Desde a década de 70, um importante líder Kayapó tornou-se bastante conhecido dos não-índios: o cacique Raoni Txukarramãe. Com sua férrea disposição na defesa do território e dos direitos indígenas, Raoni viajou pelo mundo sendo recebido por governantes, astros de rock e pelo Papa. Não se pode negar que seu botoque era algo impressionante. Marcava a figura de Raoni na memória. Acima está uma foto recente de Raoni (e seu botoque), que ilustra a capa de um livro sobre os índios Kayapó.

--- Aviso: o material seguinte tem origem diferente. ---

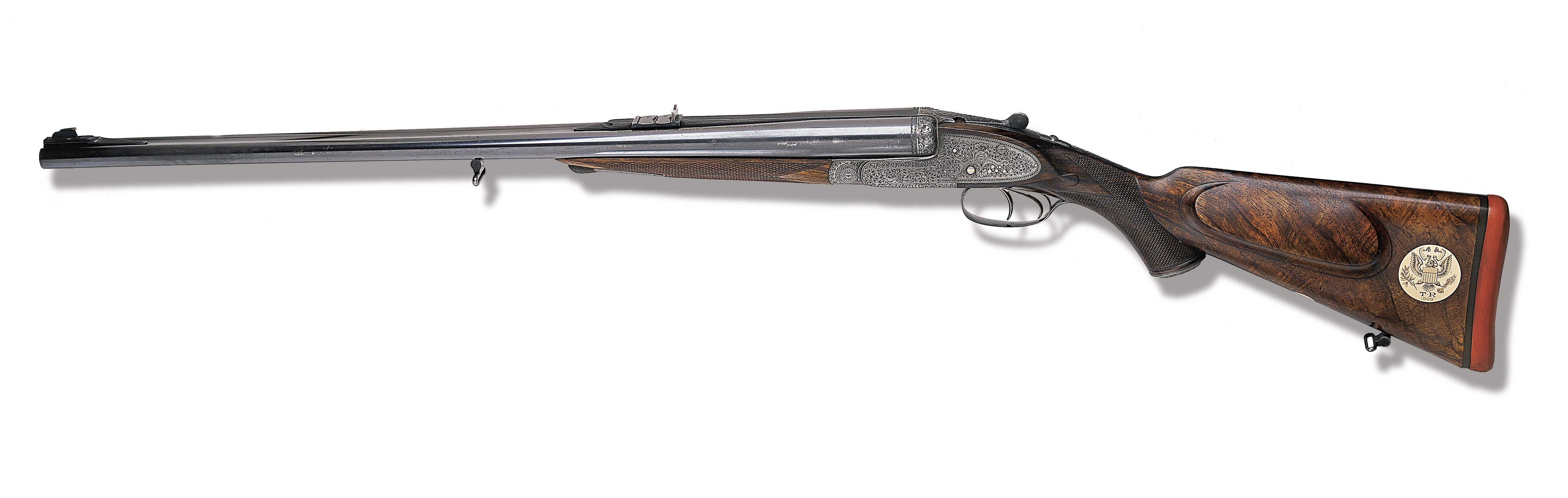 Holland & Holland, Ltd. (1835-present). Royal Grade Double Rifle with Case and Accessories, Presented to Theodore Roosevelt, 1909. English (London). (Rifle) Engraved, blue and case-colored steel; gold; walnut (case and accessories) oak; leather; various media. .500/.450 Nitro Express caliber. Serial number: 19109. Length (rifle only) 42 3/4". Frazier History Museum Collection.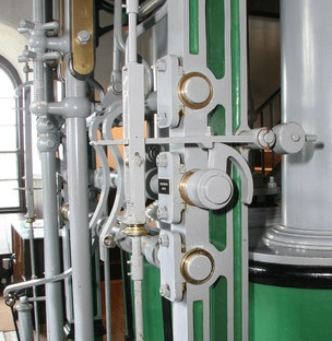 Taylors shaft engine - detailed view of locking mechanism - crop of image at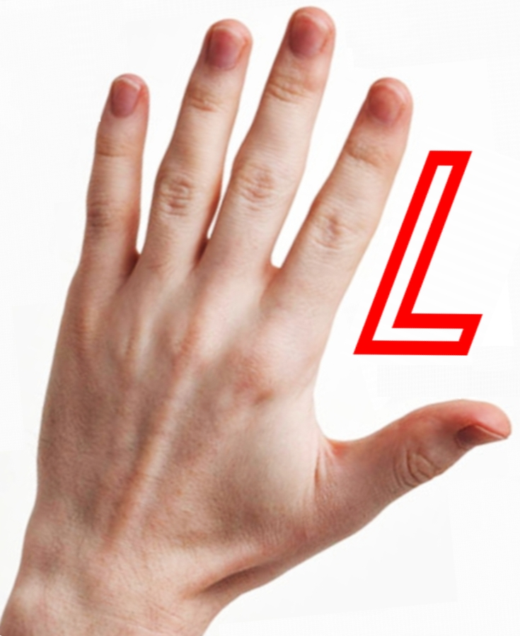 Not as simple as it seems; one fourth of mankind have difficulties with the distinction of left and right.

Da mesma forma que o botoque é usado para se falar melhor, os Kayapó acreditam que a capacidade de se ouvir melhor e "entender" a linguagem, é adquirida ao se fazer um buraco na orelha de alguém. Os bebês, de ambos os sexos, têm suas orelhas furadas e à medida que crescem o buraco é aumentado com alargadores de madeira, até atingir 2 a 3 centímetros de diâmetro.
Alargadores de orelha de adultos e de criança
dos índios Kayapó, esculpidos em madeira.
À esquerda, uma caneta esferográfica
como referência do tamanho das peças
dos índios Kayapó, esculpidos em madeira.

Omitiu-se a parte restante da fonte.